Right. So I also thought about placing panic_in_progress() somewhere in
console_trylock() and make it fail for anything that is not a panic CPU.

> Now in my thousands of iterations of tests, I haven't been lucky enough
> to interrupt a CPU in the middle of this critical section. The critical
> section itself is incredibly short and so it's hard to do it. Not
> impossible, I'd imagine.

I can imagine that the race window is really small, and I'm not insisting
on fixing it right now (or ever for that matter).

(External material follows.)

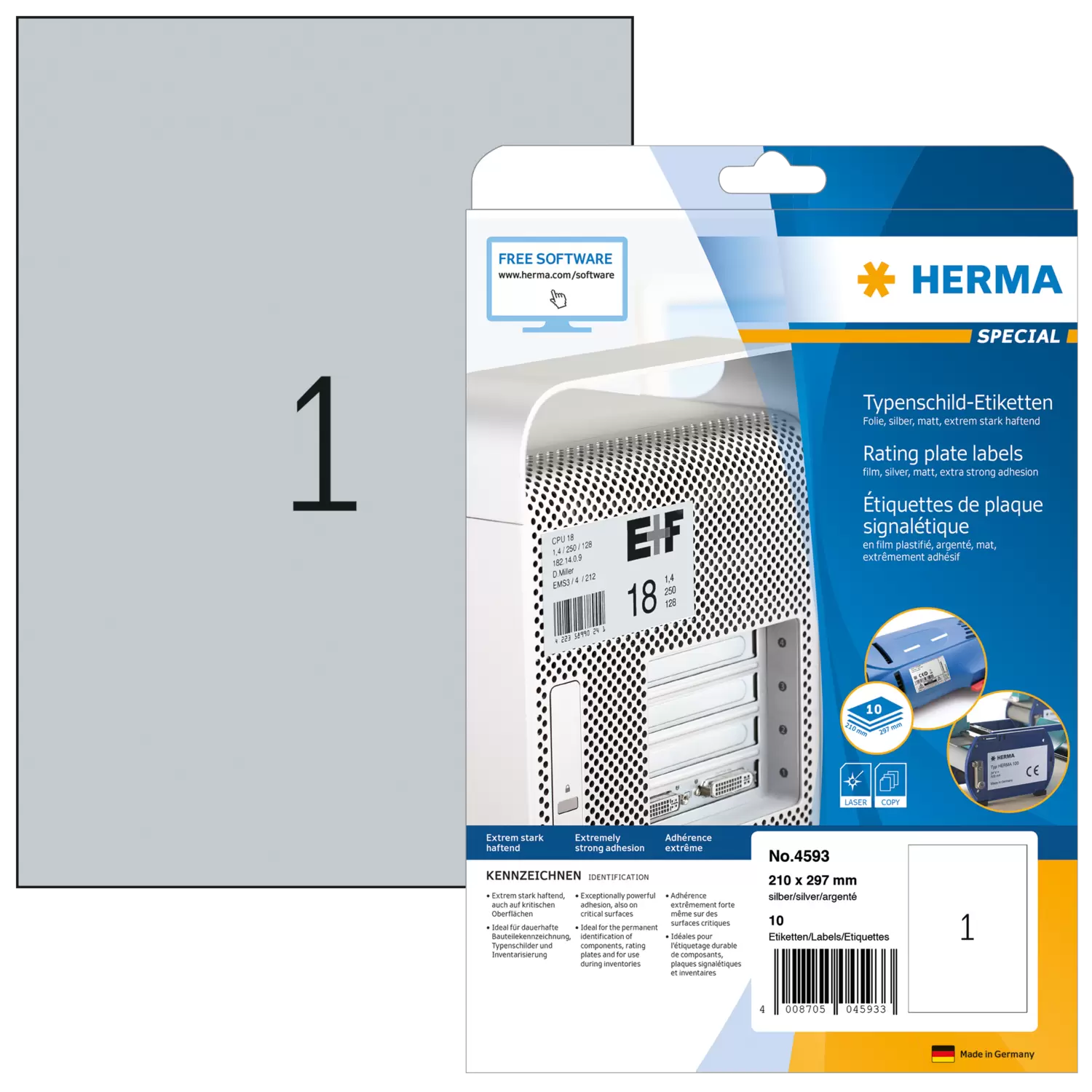 Etiquetas placa de características, plateadas, A4, 210 x 297 mm, adherencia extra fuerte, resistente

Basically, we now have two different "something bad is in progress"
that affect two different ends of the calls stack. bust_spinlocks()
sets oops_in_progress and affects console drivers' spinlocks, but has
no meaning to any other printk locks. And then we have panic_in_progress()
which is meaningful to some printk locks, but not to all of them, and is
meaningless to console drivers, because those look at oops_in_progress.

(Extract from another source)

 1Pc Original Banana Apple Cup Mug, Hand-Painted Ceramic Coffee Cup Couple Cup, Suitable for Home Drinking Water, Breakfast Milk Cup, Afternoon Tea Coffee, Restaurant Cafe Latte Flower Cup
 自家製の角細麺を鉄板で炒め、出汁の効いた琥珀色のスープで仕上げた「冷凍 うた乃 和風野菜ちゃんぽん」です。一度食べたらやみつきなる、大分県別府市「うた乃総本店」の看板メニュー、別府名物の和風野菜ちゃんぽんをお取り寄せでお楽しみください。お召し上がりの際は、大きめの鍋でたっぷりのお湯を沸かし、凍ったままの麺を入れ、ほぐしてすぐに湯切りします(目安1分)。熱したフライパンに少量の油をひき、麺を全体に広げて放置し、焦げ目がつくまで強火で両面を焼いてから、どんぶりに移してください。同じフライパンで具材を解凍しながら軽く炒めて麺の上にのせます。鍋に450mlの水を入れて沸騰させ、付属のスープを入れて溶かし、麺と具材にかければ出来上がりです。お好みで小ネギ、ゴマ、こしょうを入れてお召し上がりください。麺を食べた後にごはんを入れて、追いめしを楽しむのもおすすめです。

If printk folks are fine with that then I'm also fine.

> We can't fix it in console_flush_on_panic(), because that is called much
> later, after we've called the panic notifiers, which definitely
> printk(). If we wanted to re-initialize the console_sem, we'd want it
> done earlier in panic(), directly after the NMI was sent.

Right.

> My understanding was that we can't be too cautious regarding the console
> drivers. Sure, they _shouldn't_ have any race conditions, but once we're
> in panic we're better off avoiding the console drivers unless it's our
> last choice. So, is it worth re-initializing the console_sem early in
> panic, which forces all the subsequent printk to go out to the consoles?
> I don't know.
>
> One alternative is to do __printk_safe_enter() at the beginning of
> panic. This effectively guarantees that no printk will hit the console
> drivers or even attempt to grab the console_sem. Then, we can do the
> kmsg_dump, do a crash_kexec if configured, and only when all options
> have been exhausted would we reinitialize the console_sem and flush to
> the console. Maybe this is too cautious, but it is an alternative.

Back in the days we also had this idea of "detaching" non-panic CPUs from
printk() by overwriting their printk function pointers.